Your FAFSA SAR will summarize all of the information you included on your FAFSA form and provide you with an EFC (Expected Family Contribution).

If you filed your FAFSA online, then you can expect to receive your FAFSA SAR results in a few days. However, if you filed using the paper FAFSA, then it can take up to 4 weeks to get your results.

In addition to getting it sent directly to you, your FAFSA SAR will also be sent to all of the colleges you listed on your FAFSA.

The financial aid department at all of the colleges you listed will then use your FAFSA SAR to create a custom financial aid package for you based on the type of financial aid you are eligible for. They will then communicate this information to you in the form of a Financial Aid Award Letter or Notice.

Reviewing your FAFSA SAR

Once you receive the SAR, be sure to check it over to see if everything is accurate. This is very important! The expected family contribution listed on your FAFSA SAR will ultimately determine how much aid you will receive.

If you find mistakes on your student aid report, you can complete the Information Review Form that is on the back of the FAFSA SAR. Once completed, you can do 1 of 2 things:

  • 1) Contact the financial aid offices of the colleges listed on your FAFSA to see if the school can submit the corrections electronically
  • 2) Mail the form to the address listed on the information review form

You should also keep a copy of your SAR for your records.

Understanding the Expected Family Contribution (EFC)

If all of the information on your FAFSA is complete, then you should notice an EFC printed in the top right hand corner of your FAFSA SAR.

The EFC is based on all of the information you reported about yourself and your family on the FAFSA form.

Your EFC represents the amount the government believes your family can afford to contribute to your college expenses. This amount is based on your family’s income, assets, number of children already in college, as well as other financial factors.

The college you decide to attend will use this information to award your financial aid.

What the Expected Family Contribution (EFC) is NOT…

  • Your EFC is NOT the amount of money you and your family will have to pay for college.
  • Your EFC is also NOT the amount of federal student aid you should expect to receive from any college or university.

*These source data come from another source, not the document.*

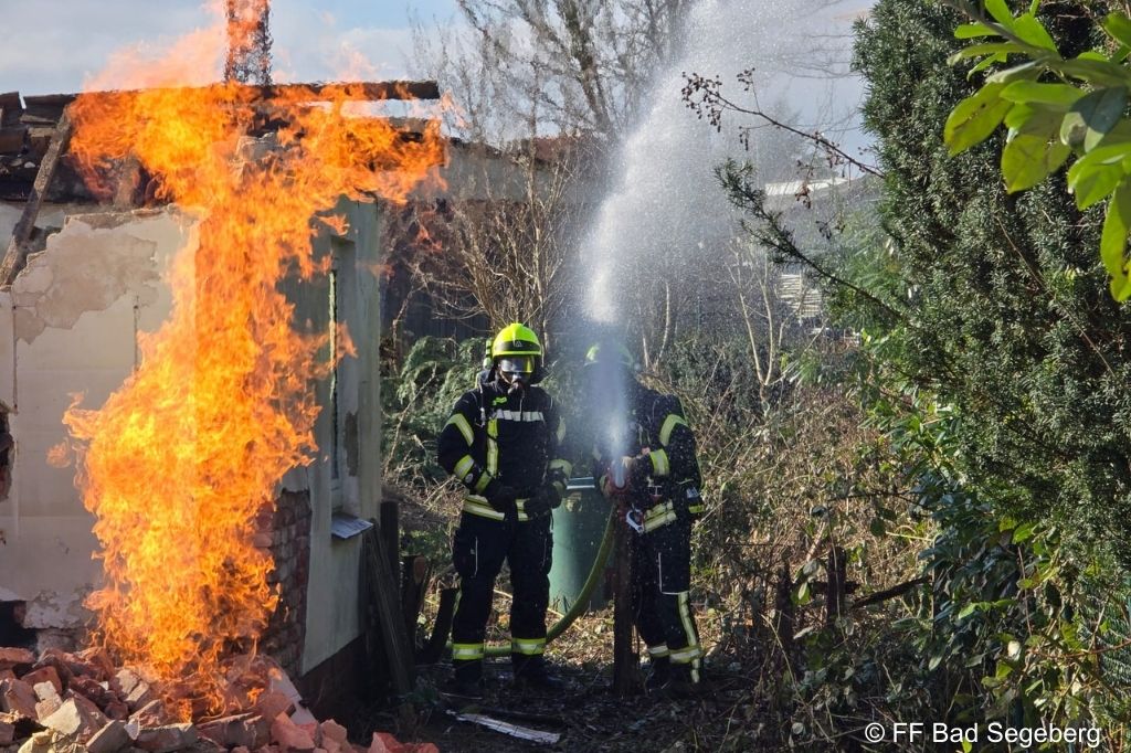 Die Leitstelle alarmierte um 13:18 Uhr die Freiwilligen Feuerwehren Bad Segeberg, Stipsdorf und Klein Gladebrügge. Einsatzleiter war der stellvertretende Gemeindewehrführer Christian Götze. Während die Polizei umliegende Wohnhäuser evakuierte und die angrenzenden Straßen vollständig sperrte, richteten Atemschutztrupps aus Bad Segeberg und Stipsdorf mit zwei C-Rohren eine Riegelstellung ein. Parallel liefen Mess- und Kontrollmaßnahmen.
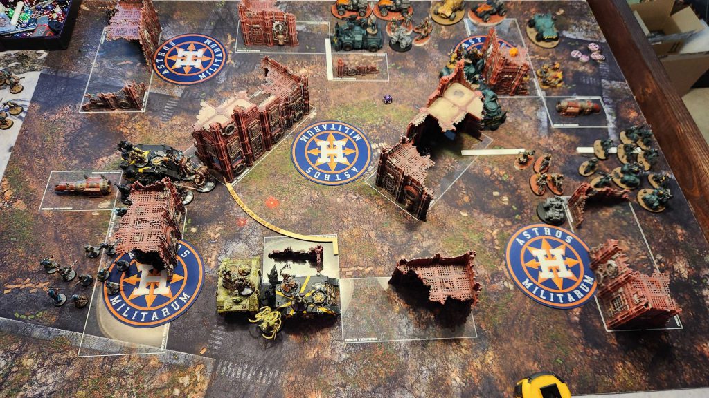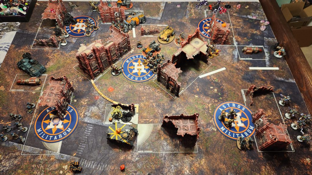 This puts T in a bind on the following turn, where he now has to commit resources to killing me if he wants to win, but he draws Cleanse and Containment, and cannot afford to waste units on trying to score them. He blanks on secondary VP on turn 2 and that costs him the game. I start burning the objective in the lower right.
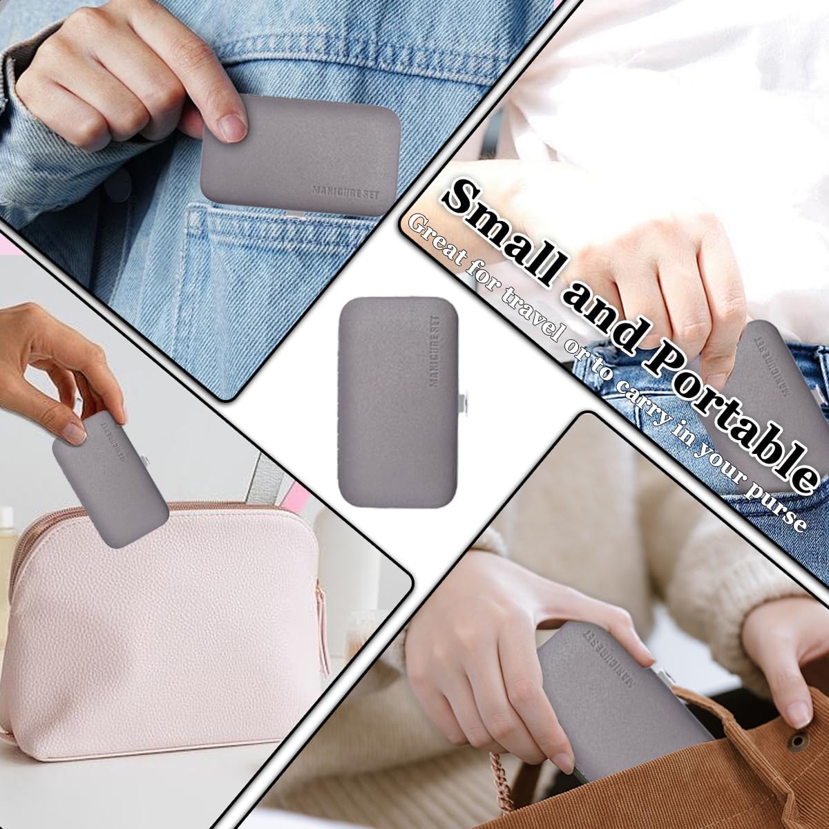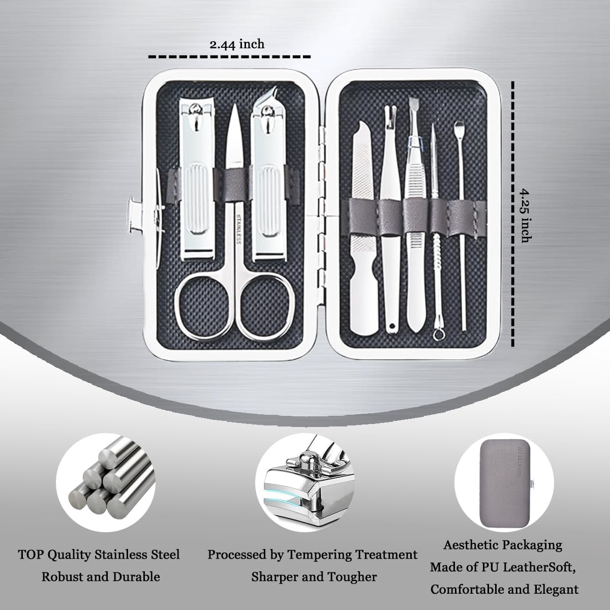 Nail Clipper Set, Stainless Steel Mini Manicure Grooming Kit: Fingernail Clippers & Toenail Pedicure Cleaning Cutter | Travel Nail Trimming Kit | Gifts for Women, Christmas, Birthday (Grey)
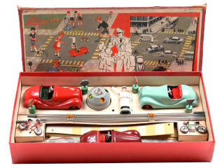 coffret réservé à l'exportation pour les Pays-Bas - contient : 2 voitures, 2 bicyclettes, un policier de la circulation avec son socle mécanique (fonctionne), 4 panneaux de signalisation, des éléments de rues & de trottoirs en carton, une clef & 6 tringles de commande à distance - on y joint une voiture supplémentaire (en état 'C' avec manques) ne faisant pas partie de ce coffret - cales de boîte présentes - BEL ENSEMBLE !
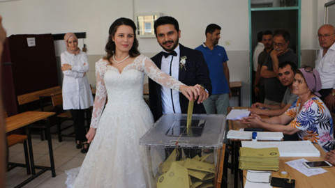 ANTALYA’nın Alanya ilçesinde düğün günleri seçim günüyle çakışan Alanya Belediyesinde memur olarak görev yapan 26 yaşındaki Büşra Masatlı ile 27 yaşındaki Ali Gök, oylarını kullanmak için gelin arabasıyla Alanya Fevzi Alaettinoğlu Lisesine geldi. Gelinlik ve damatlıklarıyla sandık görevlilerine kayıt yaptıran çift, 1154 numaralı sandıkta oylarını kullandı. Gelin Büşra Masatlı, “Seçimlerimiz tüm Türkiye’ye hayırlı olsun. Düğün günümüze denk gelmesi bizim için hoş bir anı oldu. Umuyoruz ki bu günümüz gibi her günümüz düğün havasında geçer” diyerek oyunu sandığa attı. Oylarını kullanan çift, ‘Aşk ittifakı’ yazan gelin arabalarına binerek düğün salonuna gitti.

Is the EFC amount listed on the FAFSA SAR always right?

No, not necessarily. For some, the EFC amount could be pretty accurate; however some families end up paying less or more than the EFC number reported on their FAFSA SAR.

WHY? Because the government uses its own special formula to calculate your EFC, but not all colleges use this formula to calculate their EFC.

Many colleges have developed their own formula – this is often referred to as an “institutional methodology.”

The methodology used by the college you decide to attend could generate a completely different amount than the one posted on your FAFSA SAR or the college you select could use the government’s formula.

Understanding the FAFSA SAR Components:

In addition to your EFC, there are some other items that you’ll probably see on your FAFSA SAR.

A description of these additional components can be found below:

  • 1) Verification

If your FAFSA SAR has be selected for “verification,” then you’ll have to provide additional financial documentation to the college you selected in order to qualify for financial aid.

You will probably have to complete a “verification worksheet.” You can get this worksheet in the school’s financial aid office. You might be asked to provide the financial documents that you used to prepare your FAFSA form (i.e. tax returns, W-2 forms, etc.).

If your FAFSA SAR gets selected for verification, don’t sweat it! About 30% of all student aid reports are selected for verification; it’s a fairly routine request.

However, you must complete the verification step as soon as possible. Since financial aid is disbursed on a “first come, first serve” basis, the sooner you get this taken care of, the better.

  • 2) Data Release Number (DRN)

You should also notice a DRN on your FAFSA SAR. You’ll need to reference this number if you decide to make your SAR available to colleges you didn’t originally include on your FAFSA. The DRN will also come in handy if you need to make changes to any personal information (i.e. home address, etc.).

  • 3) Loan Summary

If you have other outstanding student loans, you’ll see this information in the “loan summary” section. You’ll want to review the loans listed to make sure they are accurate. If you don’t have any federal loans, then this section will likely be blank on your FAFSA SAR and you can just ignore it.

  • 4) Pell Grant Eligibility

Your FAFSA SAR will also tell you if you’re eligible for the Pell Grant. Pell Grants are awarded to low income families, so you may or may not reap the benefits of this grant.

What Does the FAFSA SAR Look Like?

  • CLICK HERE to see what a FAFSA Student Aid Report actually looks like…

If you need more information or have other questions about the FAFSA SAR, you can contact the US Department of Education Help Desk at 1-800-FED-AID (1-800-433-3243)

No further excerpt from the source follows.